::: GIVEN INFORMATION

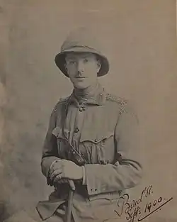 Lord Grosvenor had taken a commission with the Royal Horse Guards and was in South Africa serving in the Second Boer War when, in December 1899, he succeeded his grandfather. After a brief visit home, he returned in February 1900 to serve with the Imperial Yeomanry as an ADC to Lord Roberts and Lord Milner.[11] He resigned his commission in December 1901,[12] and was appointed captain of the Cheshire (Earl of Chester's) Imperial Yeomanry the following month.[13] After the war, he invested in land in South Africa and Rhodesia, and visited the colony with his wife in late 1902.[14] He was promoted to major in the Cheshire Yeomanry in 1906.[11]
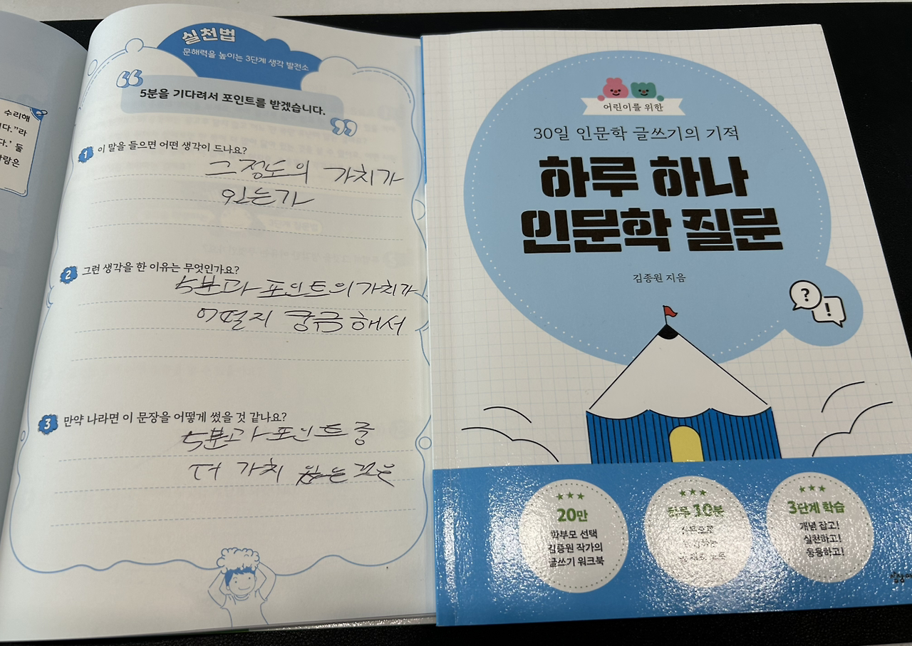 문해력을 높이는 3단계 생각 발전소 인문학 워크북 시리즈 하루 하나 인문학 질문지 과 글을 보며 아들이 꺼낸 문장의 답을 읽는 시간이 좋다. 따로 있어도 항상 아들이 안고 있던 순간이 이곳에 남아 살고 자란다.
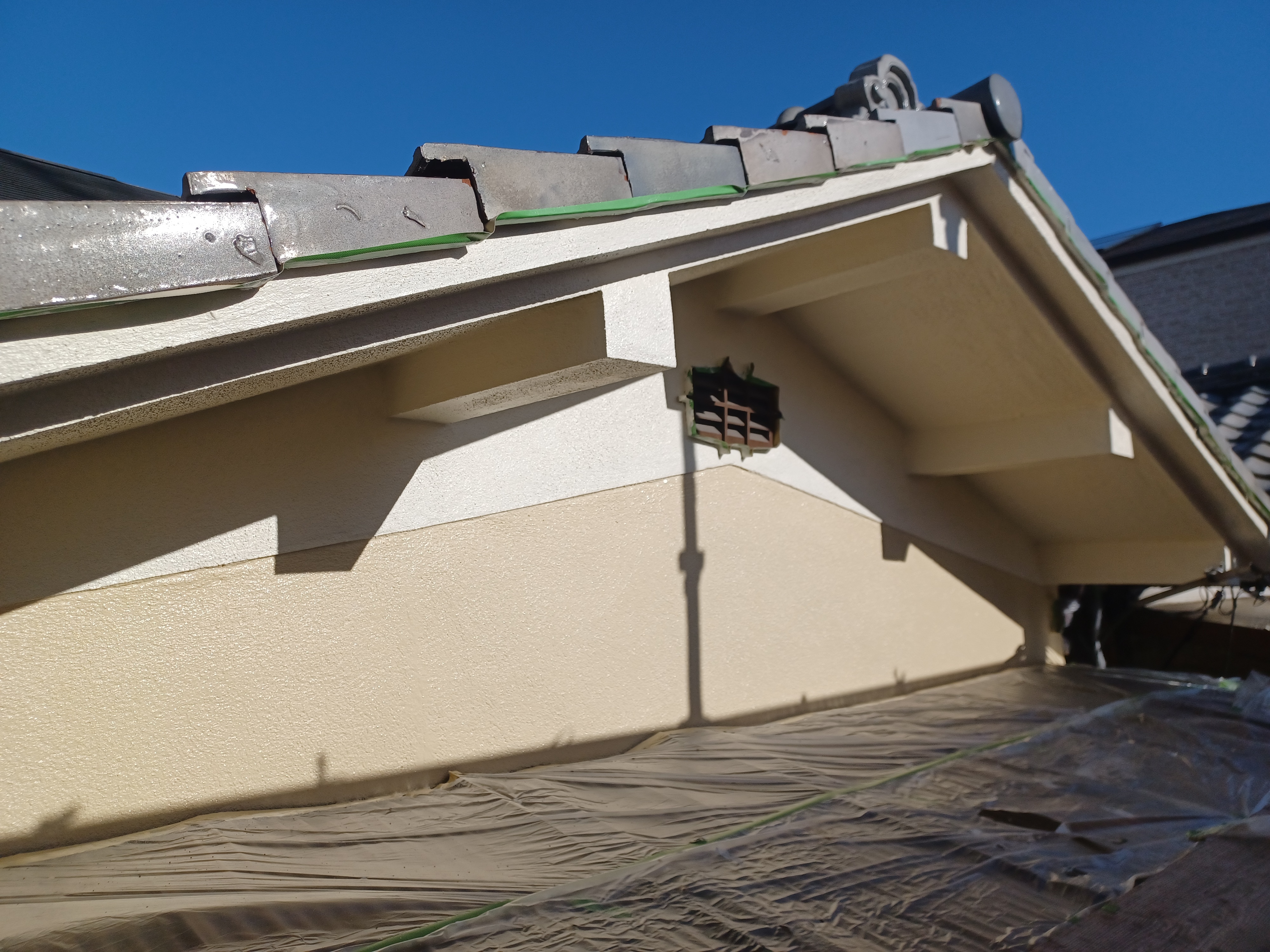 今回は軒天は白で壁はクリーム色と塗り分けさせていただきました。
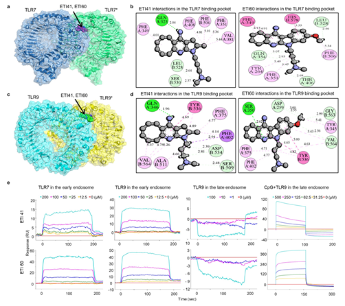 신약 후보 물질인 ETI41과 ETI60이 내재성 톨유사수용체에 어떻게 선택적으로 결합·작용하는지를 분자 수준에서 정밀하게 보여주는 이미지.

::::::

AIM OF THE EXERCISE -
Please reproduce the listing exactly, leaving out any pictures.

ANSWER TO THIS EXERCISE -
 Lord Grosvenor had taken a commission with the Royal Horse Guards and was in South Africa serving in the Second Boer War when, in December 1899, he succeeded his grandfather. After a brief visit home, he returned in February 1900 to serve with the Imperial Yeomanry as an ADC to Lord Roberts and Lord Milner.[11] He resigned his commission in December 1901,[12] and was appointed captain of the Cheshire (Earl of Chester's) Imperial Yeomanry the following month.[13] After the war, he invested in land in South Africa and Rhodesia, and visited the colony with his wife in late 1902.[14] He was promoted to major in the Cheshire Yeomanry in 1906.[11]
 문해력을 높이는 3단계 생각 발전소 인문학 워크북 시리즈 하루 하나 인문학 질문지 과 글을 보며 아들이 꺼낸 문장의 답을 읽는 시간이 좋다. 따로 있어도 항상 아들이 안고 있던 순간이 이곳에 남아 살고 자란다.
 今回は軒天は白で壁はクリーム色と塗り分けさせていただきました。
 신약 후보 물질인 ETI41과 ETI60이 내재성 톨유사수용체에 어떻게 선택적으로 결합·작용하는지를 분자 수준에서 정밀하게 보여주는 이미지.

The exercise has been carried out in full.